Tuesday, 13 September 2022

Popular imagination likes its fast bowlers to be ale swilling extroverts

Man is born to trouble as the sparks fly upwards and John Augustine Snow, poet, thinker, introvert would surely be one of the last to disagree with the Old Arab proverb. Assaulted on the boundary edge of a great Test arena, dropped by his county for lack of effort, stood in a corner by England's selectors for barging over an Indian Test batsman at Lord's and while all this was swirling around him, writing and getting published a volume of poems -- controversy, thy name was Snow, in the early 1970's. Popular imagination likes its fast bowlers to be ale swilling extroverts, but this enigmatic cricketer refuses to be typed ... reading, music, painting, poetry are as necessary to him as food and fresh air ... He owes his inclusion in one of the most coveted sections of this Almanack to none of these things. He is here on naked merit, which first played a major part in bringing The Ashes back home to England after an absence of twelve years and then helped keep them here last summer. A haul of 55 wickets in two series against Australia is his passport to cricket immortality. 
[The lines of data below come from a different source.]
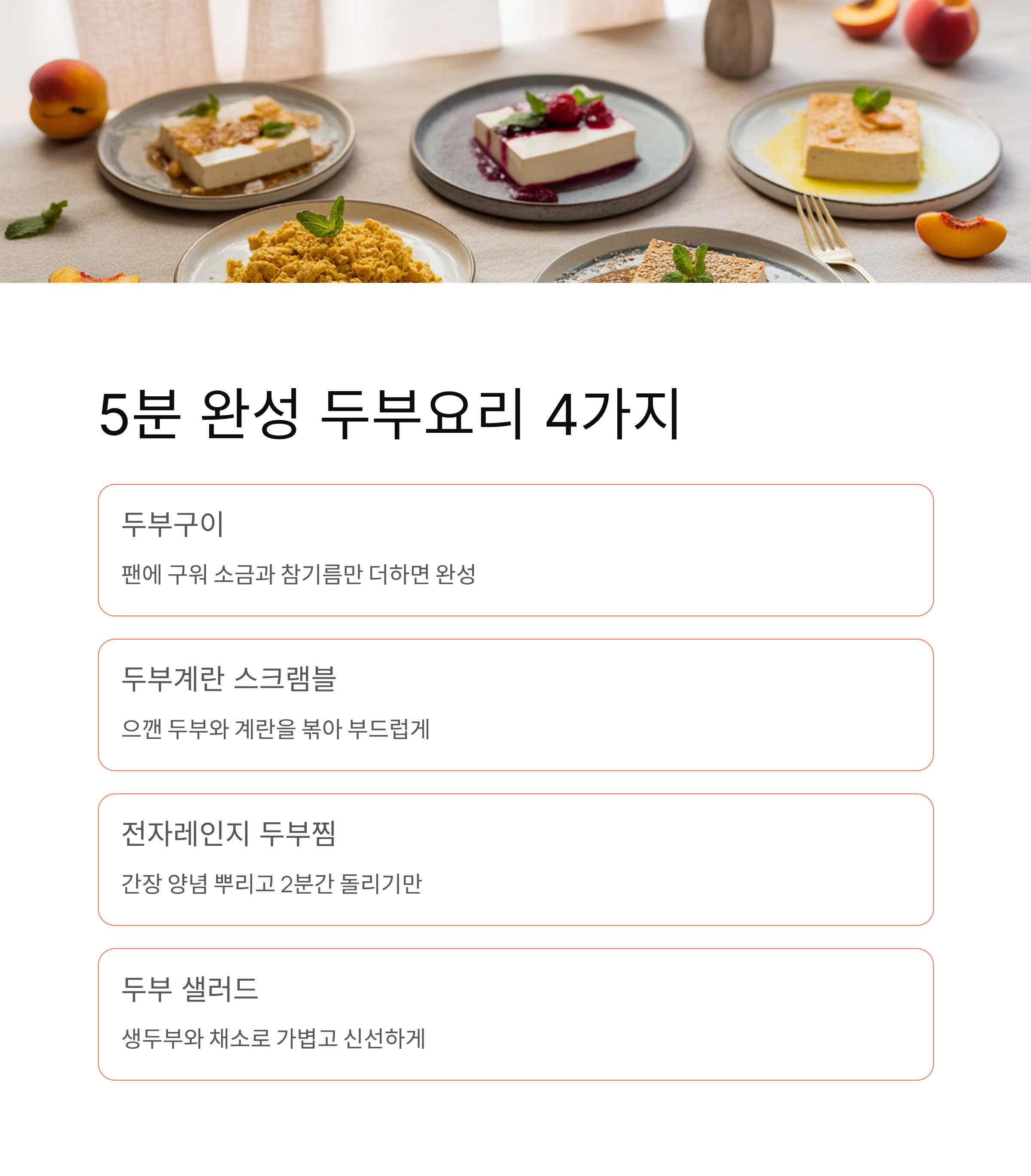 오늘은 아침 식사로 딱 맞는 초간단 두부요리를 추천하고, 빠르게 만들 수 있는 요령과 활용 팁까지 정리해 드리겠습니다.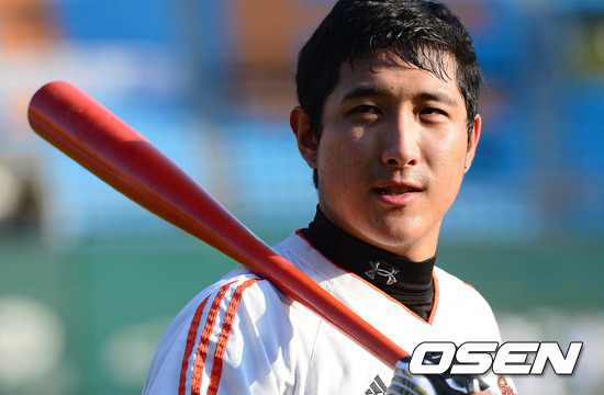 12일 오후 부산 사직구장에서 열린 2012 팔도 프로야구 준플레이오프 4차전 두산 베어스와 롯데 자이언츠의 경기, 경기에 앞서 롯데 황재균이 훈련을 마치고 더그아웃으로 가고 있다.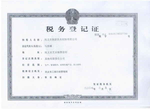 歡迎來到鞏義市新躍供水材料有限公司官方網(wǎng)站!您現(xiàn)在訪問的是:《稅務(wù)登記證》頁面,如需幫助請(qǐng)致電:13140066578 或 0371-64100988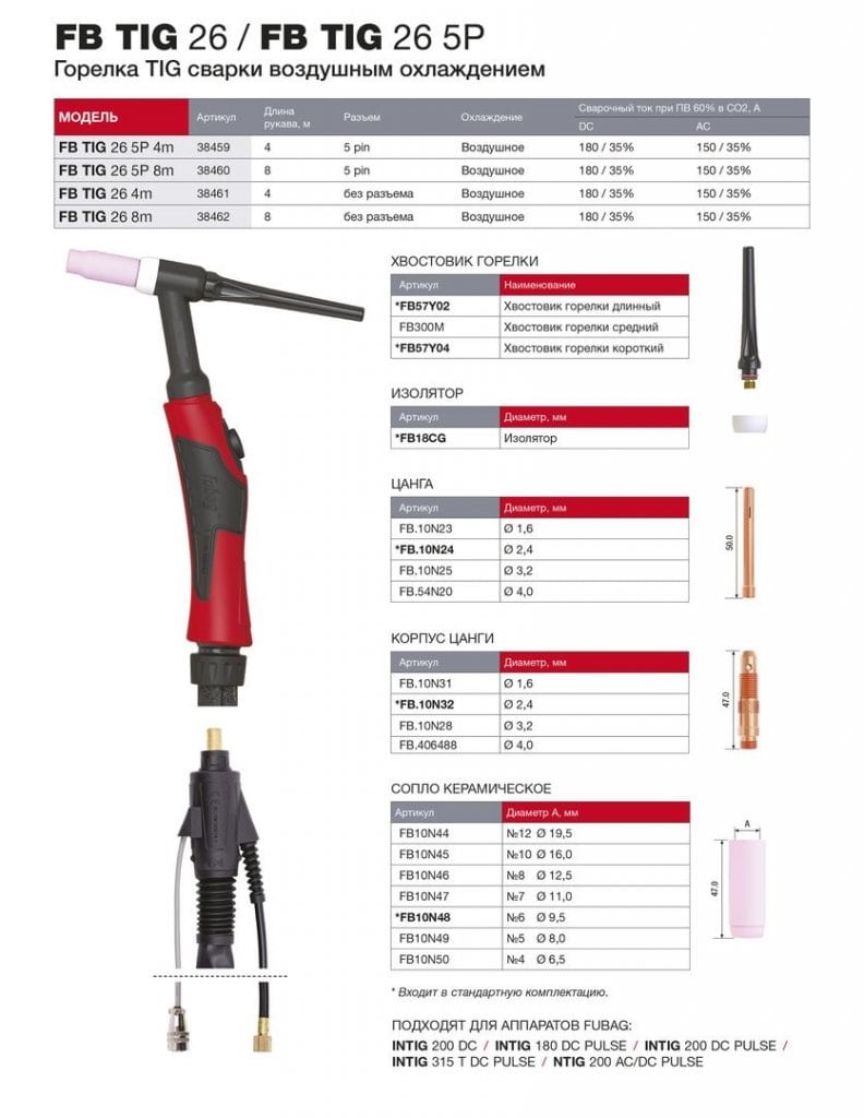 Горелка для TIG сварки FB 26 5P (4 м) FUBAG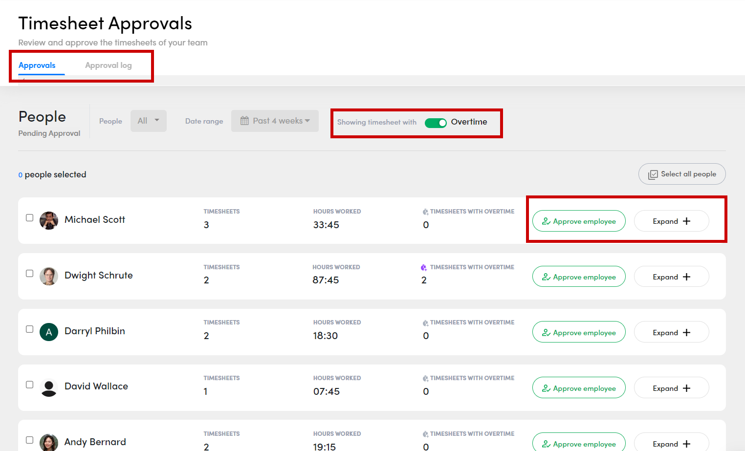 The approval page will be organized into two tabs - pending approval “Approvals” and already approved “Approval log”. Both tabs are organized by employee, with each employee being represented by their own tile summarizing the number of timesheet periods and hours either approved or unapproved.

B. Easterbrook, 'FIFTY YEARS AGO: John Snow', L. Booth (ed.), Wisden Cricketers' Almanack (2022), 1483

Looking up the original 1973 Cricketers of the year text, I discover this also brilliant anecdote: At the England team's Harrogate hotel during the fourth Test at Leeds last July, Basil d'Oliveira in an animated dinner table conversation said to him "The ultimate thing in life is to play for England." Snow replied quietly "The ultimate thing in life is death."